──────── RECORD EXTRACTS
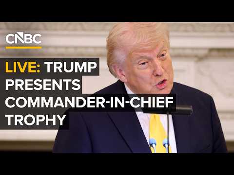 President Trump participates in the Commander-in-Chief's trophy presentation at the White House on Friday. For access to live and exclusive video from CNBC subscribe to CNBC PRO: https://cnb.cx/42d859g » Subscribe to CNBC TV: https://cnb.cx/SubscribeCNBCtelevision » Subscribe to CNBC: https://cnb.cx/SubscribeCNBC » Watch CNBC on the go with CNBC+: https://www.cnbc.com/WatchCNBCPlus Turn to CNBC TV for the latest stock market news and analysis. From market futures to live price updates CNBC is the leader in ...
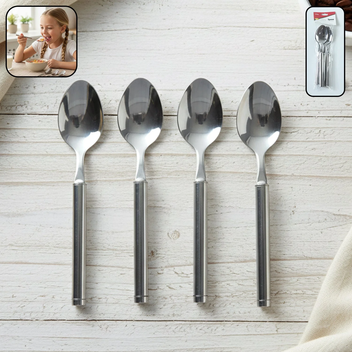 Upgrade your everyday dining essentials with this 4 pieces stainless steel dinner spoon set designed for durability and comfort. Crafted from high quality stainless steel, these table spoons feature a sleek silver finish that complements any dining setup. The sturdy handle design ensures a comfortable grip while eating meals, desserts or snacks. Ideal for regular home use as well as serving guests, these spoons are strong, reusable and easy to maintain. Their simple and modern design makes them suitable for both casual and formal table settings.
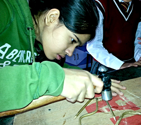 Kryželį gaminančios merginos suprato, kad kalvio darbas išties sunkus ir gailėjosi, kad dar
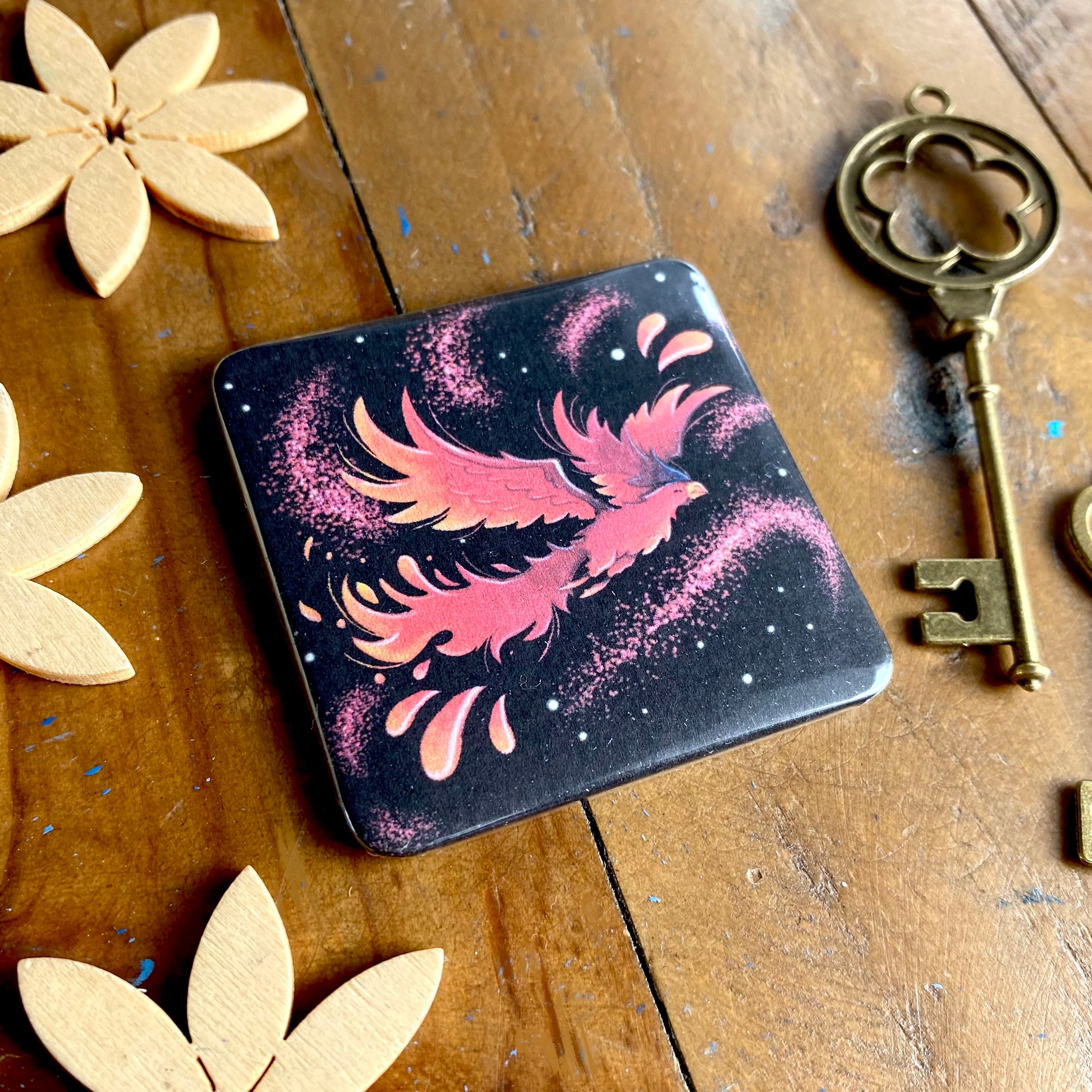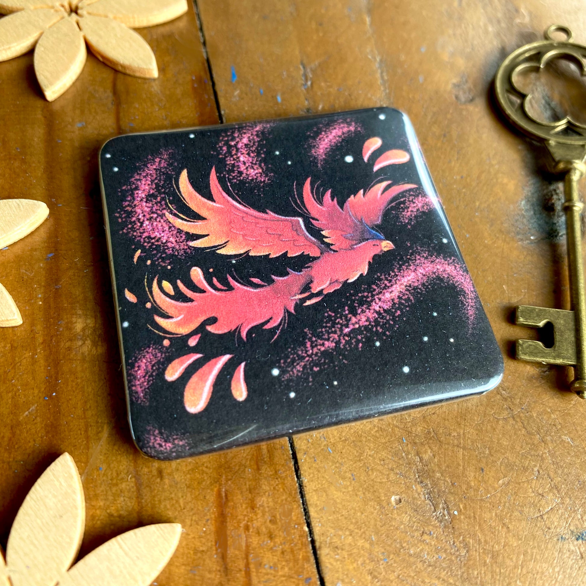 Dieser aufregende Magnet im quadratischen Format sorgt für gute Laune! Er zeigt einen stolzen Phönix, der mitsamt Feuerschweif durch die Lüfte flattert. Das Motiv eignet sich bestens zum Sammeln, Schmücken und Dekorieren.
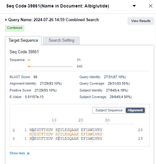 Tip: The workspaces are now enabled to show sequence data from the bio platform when you click the Seq Code. Clicking View results from this pop-out box will redirect you to the Bio platform. To further analyze the patent, click on the patent name or title.
────────────────
**DIRECTIONS**
Omit the pictures and reproduce the records above exactly.

**REPLY TO THE EXERCISE**
 President Trump participates in the Commander-in-Chief's trophy presentation at the White House on Friday. For access to live and exclusive video from CNBC subscribe to CNBC PRO: https://cnb.cx/42d859g » Subscribe to CNBC TV: https://cnb.cx/SubscribeCNBCtelevision » Subscribe to CNBC: https://cnb.cx/SubscribeCNBC » Watch CNBC on the go with CNBC+: https://www.cnbc.com/WatchCNBCPlus Turn to CNBC TV for the latest stock market news and analysis. From market futures to live price updates CNBC is the leader in ...
 Upgrade your everyday dining essentials with this 4 pieces stainless steel dinner spoon set designed for durability and comfort. Crafted from high quality stainless steel, these table spoons feature a sleek silver finish that complements any dining setup. The sturdy handle design ensures a comfortable grip while eating meals, desserts or snacks. Ideal for regular home use as well as serving guests, these spoons are strong, reusable and easy to maintain. Their simple and modern design makes them suitable for both casual and formal table settings.
 Kryželį gaminančios merginos suprato, kad kalvio darbas išties sunkus ir gailėjosi, kad dar
 Dieser aufregende Magnet im quadratischen Format sorgt für gute Laune! Er zeigt einen stolzen Phönix, der mitsamt Feuerschweif durch die Lüfte flattert. Das Motiv eignet sich bestens zum Sammeln, Schmücken und Dekorieren.
 Tip: The workspaces are now enabled to show sequence data from the bio platform when you click the Seq Code. Clicking View results from this pop-out box will redirect you to the Bio platform. To further analyze the patent, click on the patent name or title.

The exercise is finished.